TASK TO COMPLETE:
For every line below, output the text exactly and leave out images.

SUPPLIED DATA:
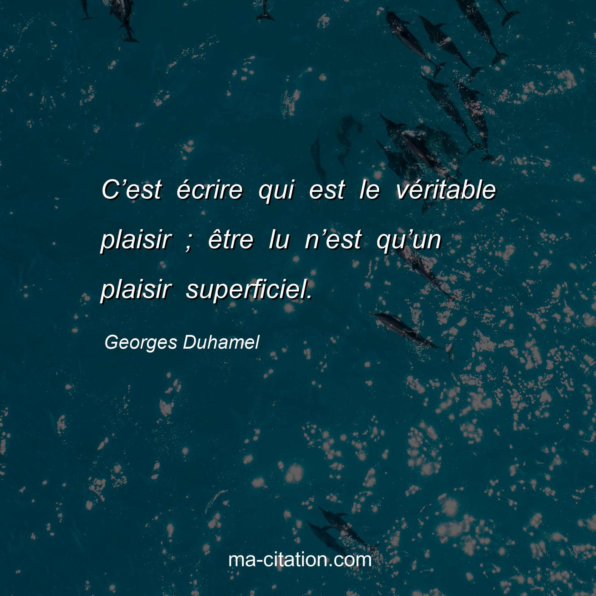 Georges Duhamel est l'auteur de la citation sur la vie "C’est écrire qui est le véritable plaisir ; être lu n’est qu’un plaisir superficiel.".
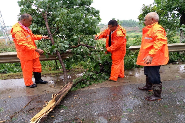 加大雨天养护力度,保障公路畅通。密切关注路面低洼坑槽积水情况,及时清除积水,做好雨天公路养护,对降雨导致的各类泥土、杂物及路面倒伏树干等进行及时清理,消除路面不安全因素,保障公路畅通。
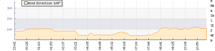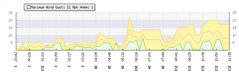 In the last few minutes the wind was Easterly at an average speed of 5 mph, reaching up to 10 mph and a low of 1 mph. The gust strength is9 mph above the minimum speed |

WRITTEN REPLY:
 Georges Duhamel est l'auteur de la citation sur la vie "C’est écrire qui est le véritable plaisir ; être lu n’est qu’un plaisir superficiel.".
 加大雨天养护力度,保障公路畅通。密切关注路面低洼坑槽积水情况,及时清除积水,做好雨天公路养护,对降雨导致的各类泥土、杂物及路面倒伏树干等进行及时清理,消除路面不安全因素,保障公路畅通。
 In the last few minutes the wind was Easterly at an average speed of 5 mph, reaching up to 10 mph and a low of 1 mph. The gust strength is9 mph above the minimum speed |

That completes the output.